The Metropolitan Hospital Sunday Fund was formed in London in 1873 at a time when all hospitals were voluntary - with no government health services. This situation meant that the poor could not always afford treatment and also that hospitals often did not have equipment that they needed. The Lancet suggested to the Lord Mayor of London, Sir Sydney Waterlow, that churches may be able to raise money to help. Sir Sydney called church leaders to a meeting. At that meeting, it was agreed that annually in June the churches would have one Sunday when they held a collection - and that the funds would be used to help the poor access healthcare, and also assist hospitals with equipment.
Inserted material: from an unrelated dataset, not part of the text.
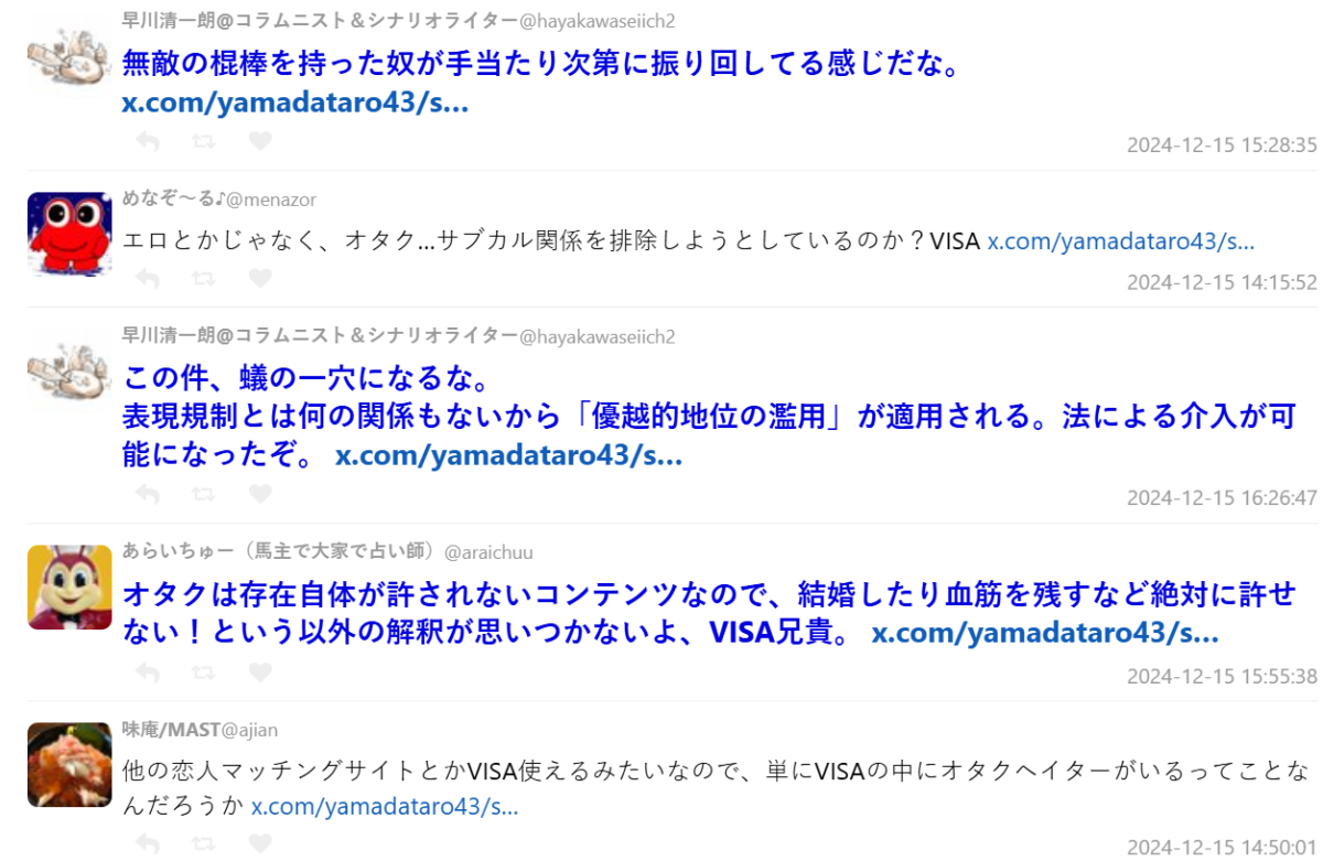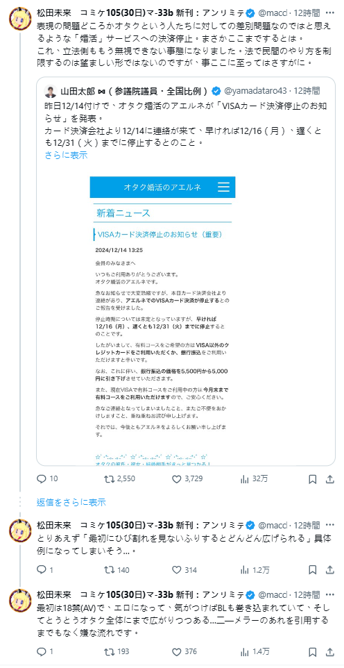 其後,漫畫家松田未來也對此發表質疑,對於所謂「婚活」服務的支付停止,這不僅是表達方式的問題,甚至可以說是對御宅族這類人的歧視問題。沒想到事情竟然發展到這個地步。這恐怕會成為一個「一開始裝作沒看到裂縫,結果裂縫越來越大」的具體案例了
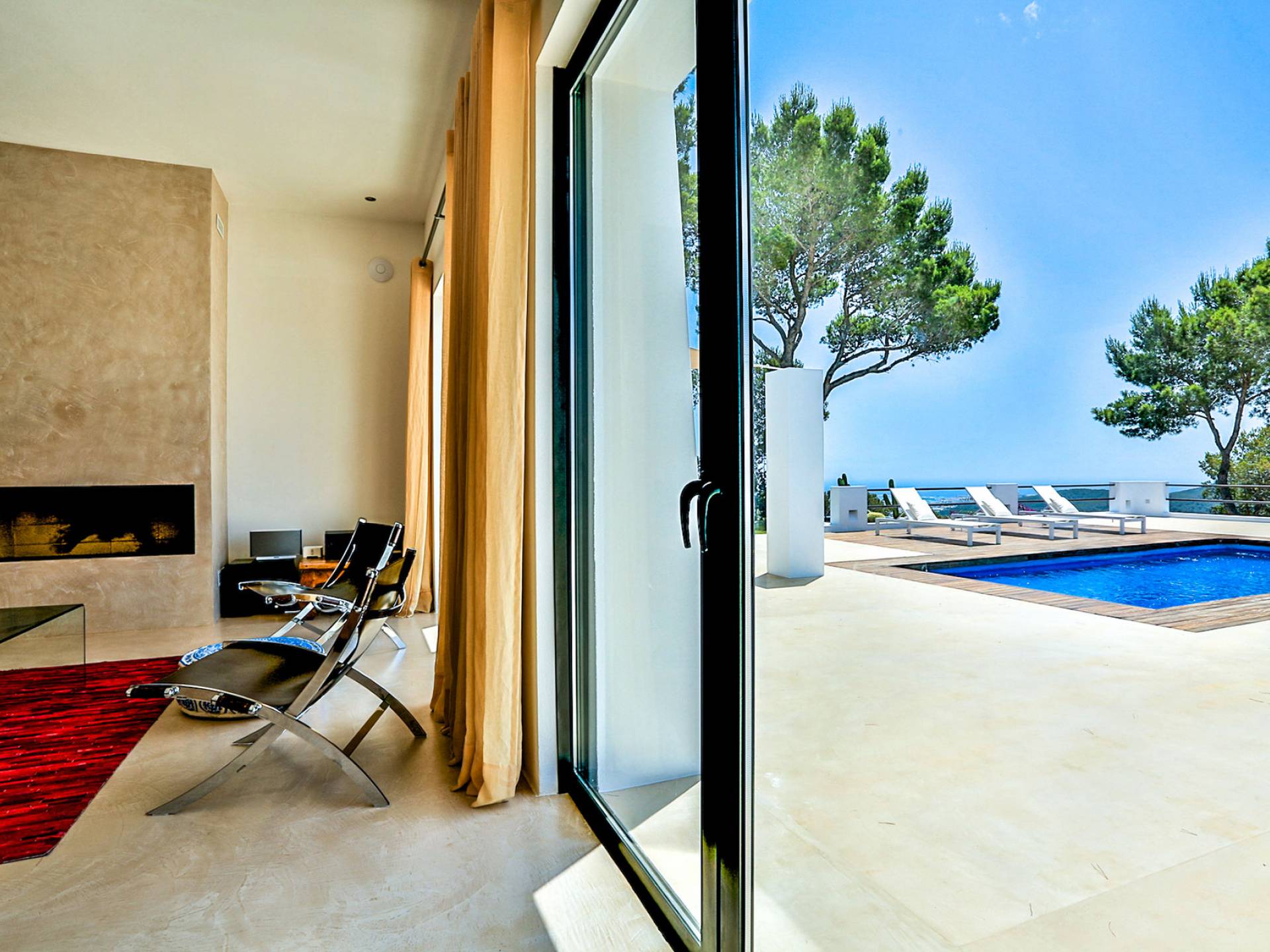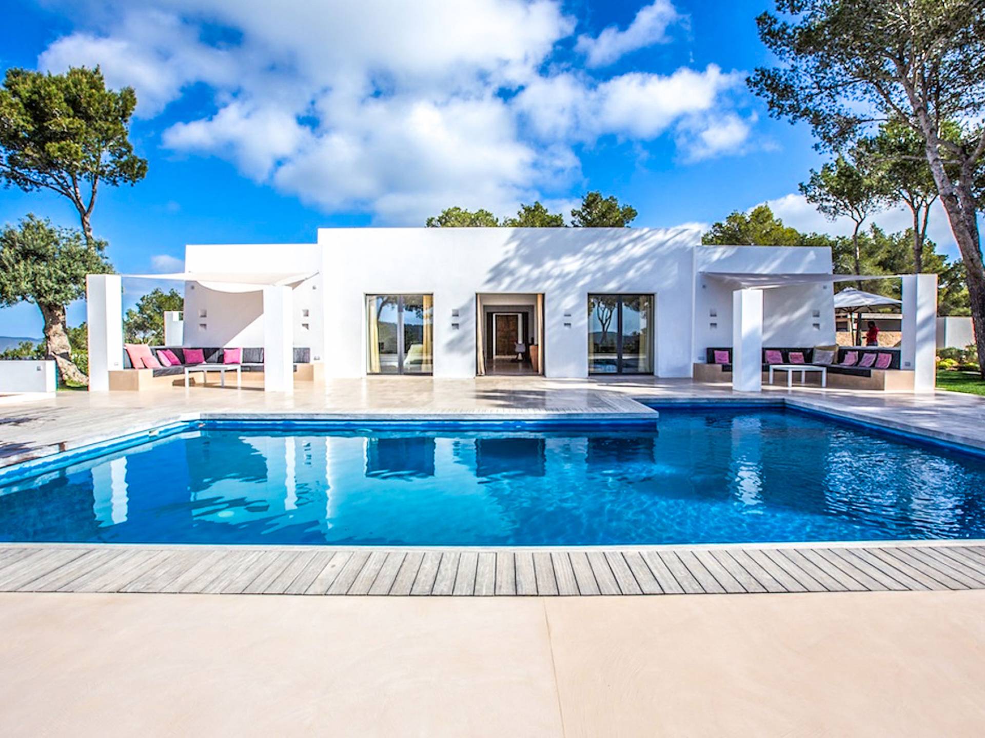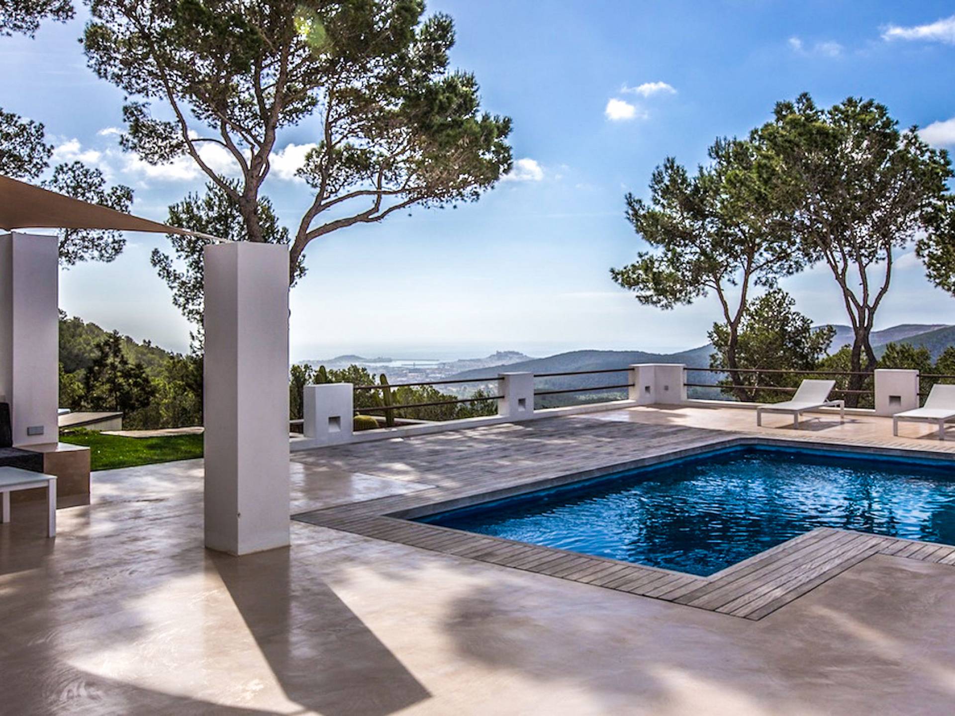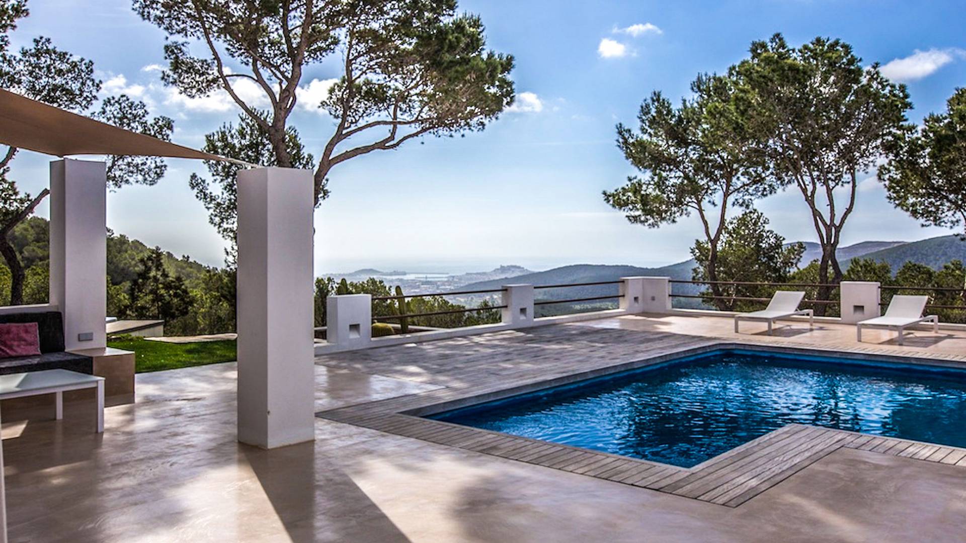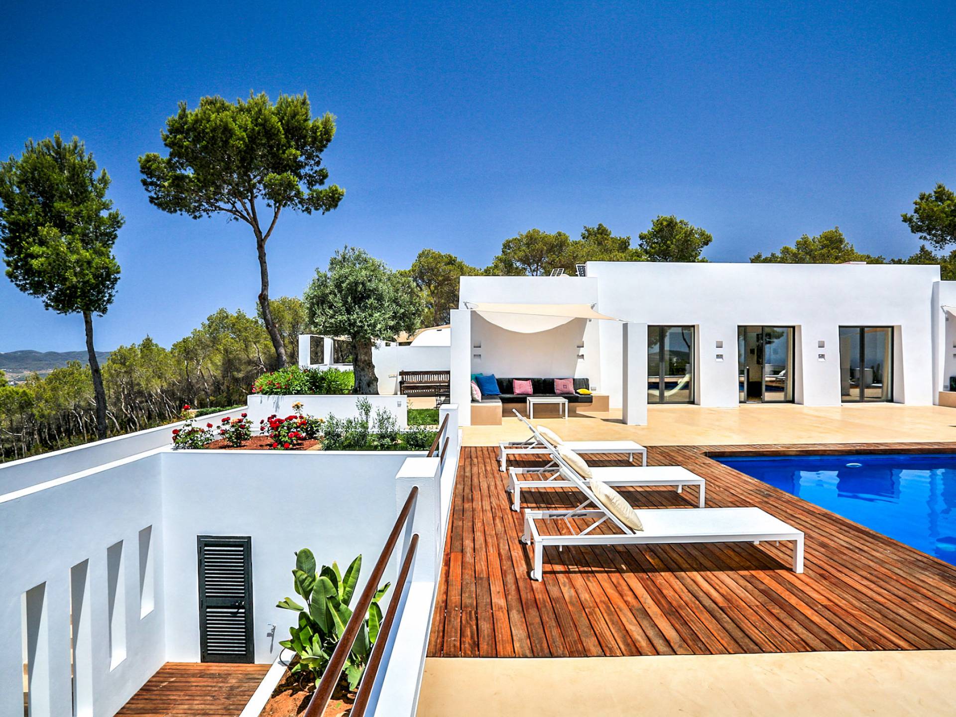 Villa Bella Vista est une location de villa de luxe avec 7 chambres et piscine privée. Idéalement situé au sommet de la montagne moderne Villa Bella Vista Ibiza qui offre une vue sur le coucher et le lever du soleil. La Villa Bella Vista est située dans de superbes jardins juste à l'extérieur de la ville d'Ibiza et offre une vue panoramique fantastique sur la mer, la ville d'Ibiza, Formentera et les couchers de soleil de l'ouest. Il est très bien situé à moins de 10 minutes de certains des meilleurs restaurants et plages de l'île.

The Fund was inaugurated at St Paul's Cathedral by Prince Edward the Prince of Wales (later King Edward VII), with his wife, on the fifteenth of June 1873. Queen Victoria was the Fund's first patron, and gave a hundred guineas toward the Fund.

On the first Sunday 16 June 1873 the total collections from all places of worship was 27,000 pounds. This included collections at Synagogues, Roman Catholic churches, Unitarian church, Church of England and Baptist. Sermons for the Fund were preached at almost 1,100 places of worship The amount raised varied, but over the 14 years from 1873 to 1886 the Fund raised 300,679 pounds from 10,214 collections.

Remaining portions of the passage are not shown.